Module Federation

Multiple separate builds should be able to form a single application. These separate builds act like containers that can expose and consume code among themselves, producing one unified application.

This is often called Micro-Frontends, but it is not limited to that pattern.

We distinguish between local and remote modules. Local modules are regular modules that are part of the current build. Remote modules are not part of the current build; they are loaded at runtime from a remote container.

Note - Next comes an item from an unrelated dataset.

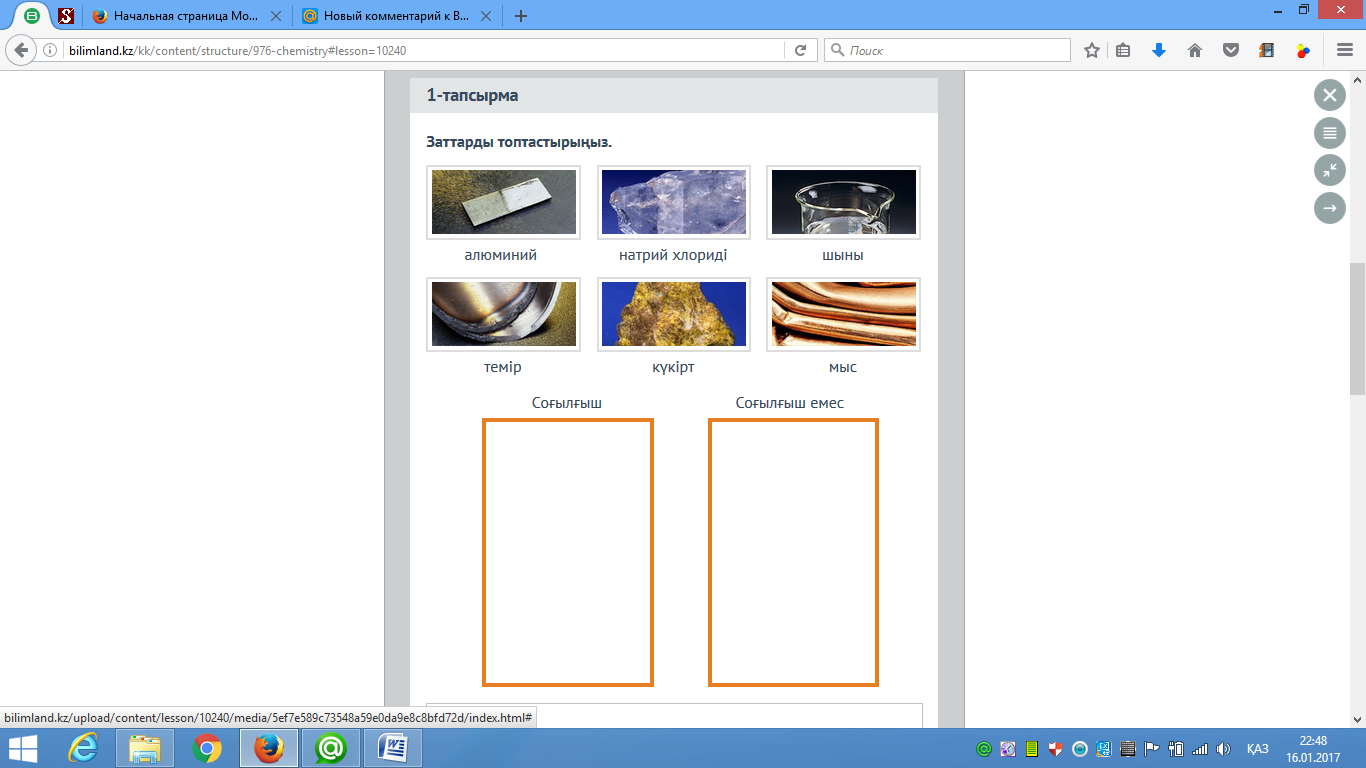 Негізгі сөздер мен тіркестер: металдар, сілтілік метал, сілтілік-жер метал |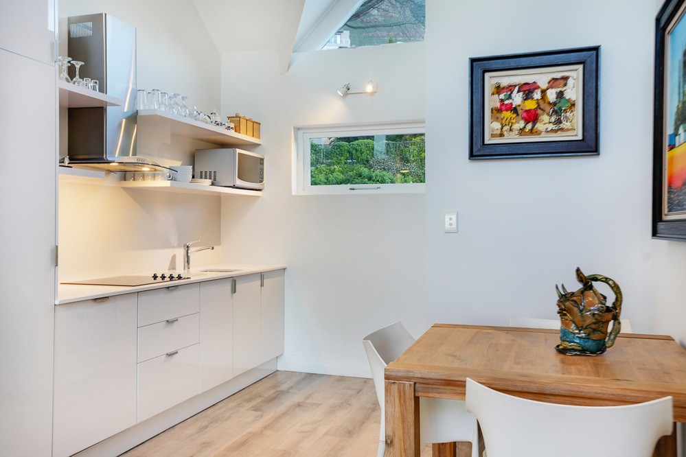 The modern kitchen is fully equiped and has a dishwasher, stove, microwave fridge/ freezer. Guest are welcome to make use of the pool ( shared with two other units) and dedicated outside / deck area Housekeeping included 1 x per week Walking distance to a grocery store as well as the Hussar grill restaurant 3 min drive down to the very popular Camps Bay strip and beach

Loading a remote module is an asynchronous operation. When you use a remote module, that asynchronous operation is placed in the next chunk-loading operation(s) that sit between the remote module and the entry point. You cannot use a remote module without a chunk-loading operation.

A chunk-loading operation is usually an import() call, but older constructs such as require.ensure or require([...]) are supported as well.

A container is created through a container entry, which exposes asynchronous access to specific modules. That access is split into two steps:

1. Loading the module (asynchronous).
2. Evaluating the module (synchronous).

Step 1 happens during chunk loading. Step 2 happens during module evaluation, interleaved with other local and remote modules. This way, evaluation order is unaffected by converting a module from local to remote or vice versa.

Containers can be nested, and a container can use modules from other containers. Circular dependencies between containers are also possible.

Each build acts as a container and also consumes other builds as containers. This way, each build can access any other exposed module by loading it from its container.

Shared modules are modules that are both overridable and provided as overrides to nested containers. They usually point to the same module in each build, for example the same library.

The packageName option lets you set a package name to look up a requiredVersion. It is inferred automatically from the module requests by default; set requiredVersion to false to disable automatic inference.

This plugin creates an additional container entry with the specified exposed modules.

This plugin adds specific references to containers as externals and allows importing remote modules from those containers. It also calls the override API of these containers to provide overrides to them. Local overrides (via __webpack_override__ or the override API, when the build is also a container) and specified overrides are provided to all referenced containers.

ModuleFederationPlugin combines ContainerPlugin and ContainerReferencePlugin.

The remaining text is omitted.